Hadoop is not a turnkey technology. To gauge the performance of the POC, we considered short read sequence files of size 4, 9, and 65 GB, respectively. The maximum gain in performance was observed for the medium sized files (21 versus 50 minutes with a relative gain of 58%). The gain for the large size files was modest (227 versus 241; a relative gain of 6%), whereas for the small sized files, a degradation in performance was observed (25 versus 16 minutes; a relative loss of 56%). This degradation may be attributed to the startup overhead for operating a Hadoop cluster. It also suggests that tuning of operational parameters may be required to optimize performance for this particular size dataset. For the large size data files, the startup overhead is likely to be irrelevant.
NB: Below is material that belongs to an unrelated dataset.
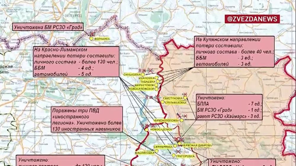 Российская артиллерия уничтожает пункты базирования ВСУКак отметили в Минобороны РФ, на Купянском направлении в Харьковской области уничтожено более 40 украинских военнослужащих и бронетехникаРакетные
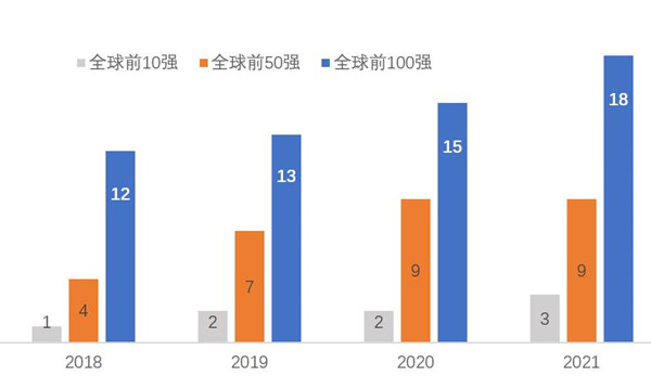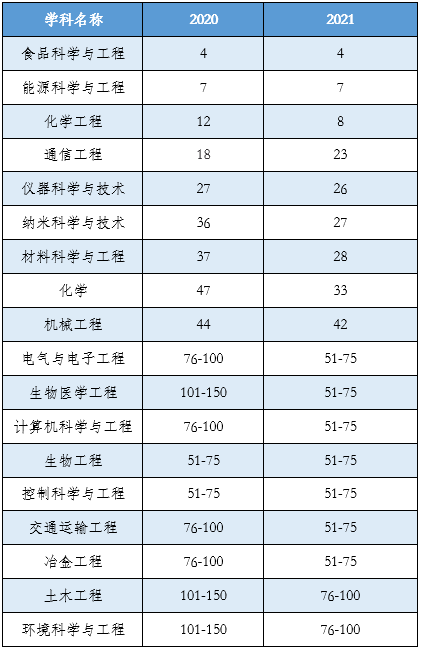华南理工大学在“软科世界一流学科排名”中的表现稳步提升。与2020年相比,学校排名全球前10的学科增加1个,为化学工程(第8名);排名前100的学科增加3个,分别为生物医学工程(51-75名)、土木工程(76-100名)、环境科学与工程(76-100名);上榜学科总数增加2个,分别是药学(401-500名)、地球科学(401-500名)。数学、管理学、生物医学工程等17个学科进步明显。

To increase performance, tuning or addition of more nodes will be required.
The computational facilities of Hadoop can be extended using other hardware and software technologies. For example, GPUs can be used in the compute nodes of a Hadoop cluster to provide a second level of parallelization. JCuda, 103 a java binding for CUDA, can be used to communicate with programs written in CUDA. 104
Conclusions
Considering the unrelenting onslaught of massive amounts of genomics, clinical, and EHR data, Hadoop provides a powerful computational framework for integrative data management and analysis in cancer research. While a number of bioinformatics tools with applications for cancer research have been developed on the basis of this technology, further refinement and development of de novo tools leveraging the collective spectrum of the Hadoop ecosystem is needed to reap its full potential. As with any other system for distributed computing, Hadoop is not a turnkey system. Developing a highly optimized solution using this technology requires understanding of computer algorithms, specifically for writing custom Map and Reduce functions, and understanding of the interaction among hardware and software components. Other technologies for scalable and distributed computing, including GPU, MPI, and Spark, are available. These can be used in concert with or as an alternative to Hadoop depending on the research problem at hand. The choice of a distributed system must be carefully evaluated during the early design stage and be periodically reevaluated throughout the course of the research.
Author Contributions
Designed the POC and carried out the pre-processing: PA. Wrote the manuscript: PA. Made critical revisions: KO. Both authors reviewed and approved the final manuscript.
Footnotes
Acknowledgment
The authors thank the reviewers for insightful and helpful comments.